Ces personnes insensibles à la douleur

Les particularités génétiques de Jo Cameron augmentent entre autres l’activité d’une voie moléculaire, appelée WNT, qui intervient dans la cicatrisation et la régénération osseuse. Ce qui permet à la septuagénaire de guérir plus vite que les autres en cas de blessure… Photo: Peter Jolly/Shutterstock.com

Certaines personnes ne connaissent pas la douleur. L’étude de leurs gènes pourrait venir en aide à ceux et celles qui souffrent le martyre.

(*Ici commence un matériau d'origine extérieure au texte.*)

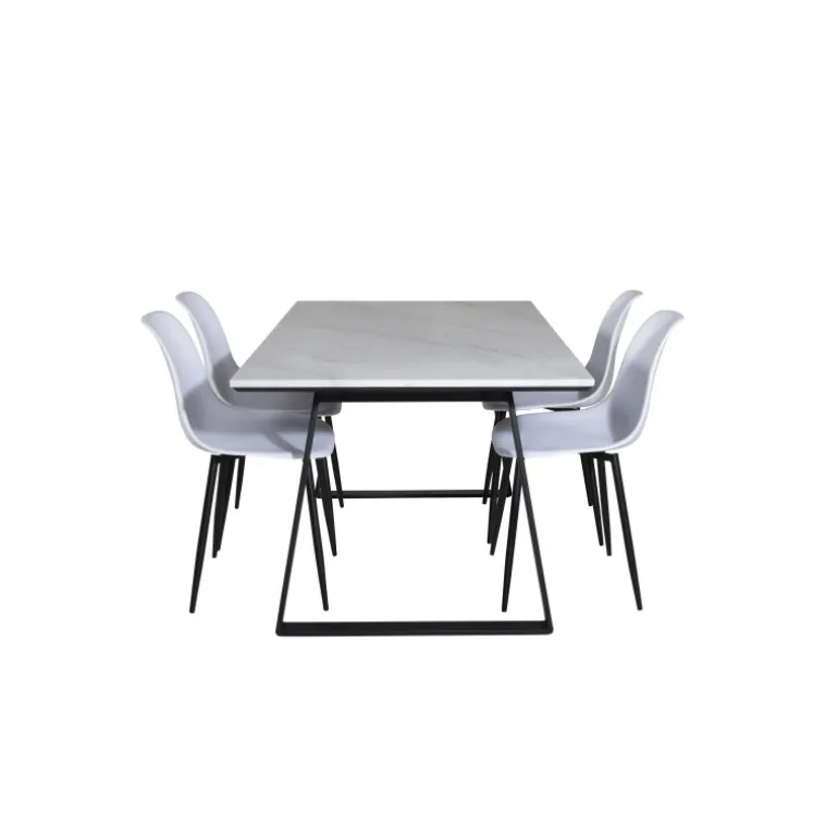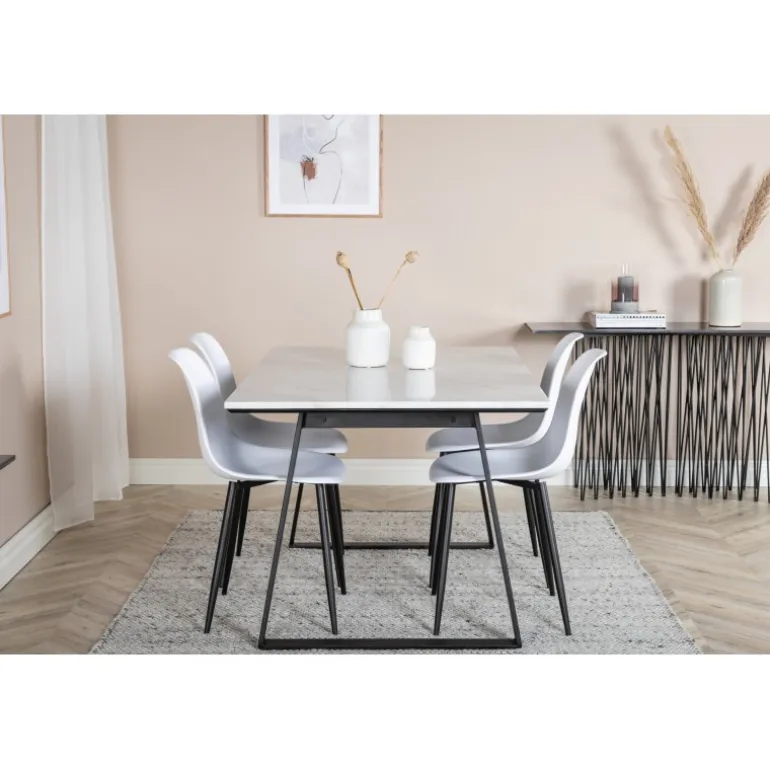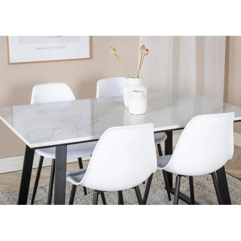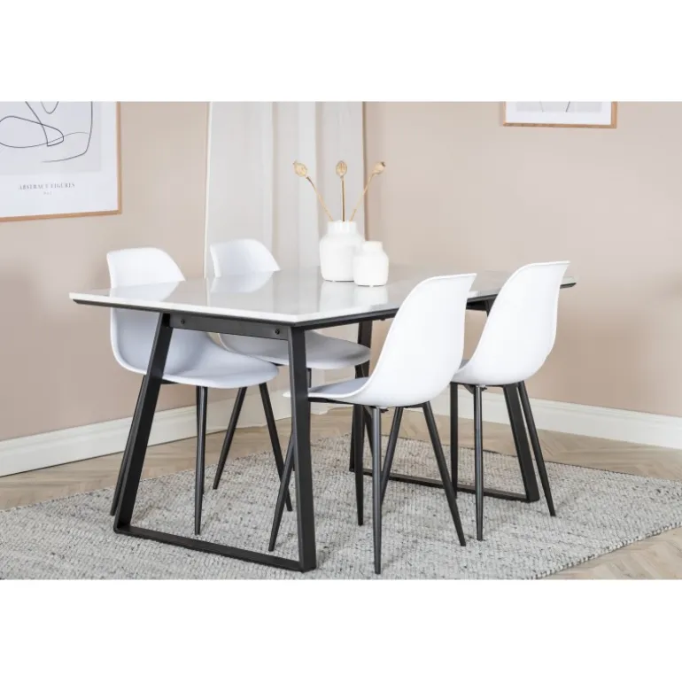Oplev den moderne luksus med vores Estelle Rektangulære Spisebordssæt. Dette sæt kombinerer en elegant marmor spisebord med komfortable stole fra Polar serien. Perfekt til både hverdagsbrug og festlige lejligheder, giver dette Spisebordssæt et sofistikeret touch til din spisestue. Med materialer som marmor, plastik og stål samt en stilfuld sort og hvid farvepalet, passer dette sæt perfekt ind i enhver moderne boligindretning.

«Il n’est ni névrosé ni psychotique. C’est un homme ordinaire, qui a récemment occupé un poste de guichetier dans un théâtre. […] Le patient ne se souvient d’aucune douleur, à l’exception de maux de tête ; et sa mémoire est bonne. »

C’est en ces mots qu’un neuro-psychiatre américain décrit, en 1932, le premier cas officiel d’« analgésie congénitale pure » – autrement dit, d’insensibilité totale à la douleur. Un trouble génétique rarissime, spectaculaire d’un point de vue médical. L’article scientifique est digne d’un roman d’aventures : à l’âge de sept ans, le patient en question a reçu une hachette dans le crâne. « La lame était enfoncée si profondément qu’elle n’est pas tombée lorsqu’il a couru jusque chez lui. […] La blessure a été refermée par un chirurgien. Le patient n’a senti aucune douleur, à aucun moment ; à part un mal de tête qui a duré quelques jours et une vision trouble. »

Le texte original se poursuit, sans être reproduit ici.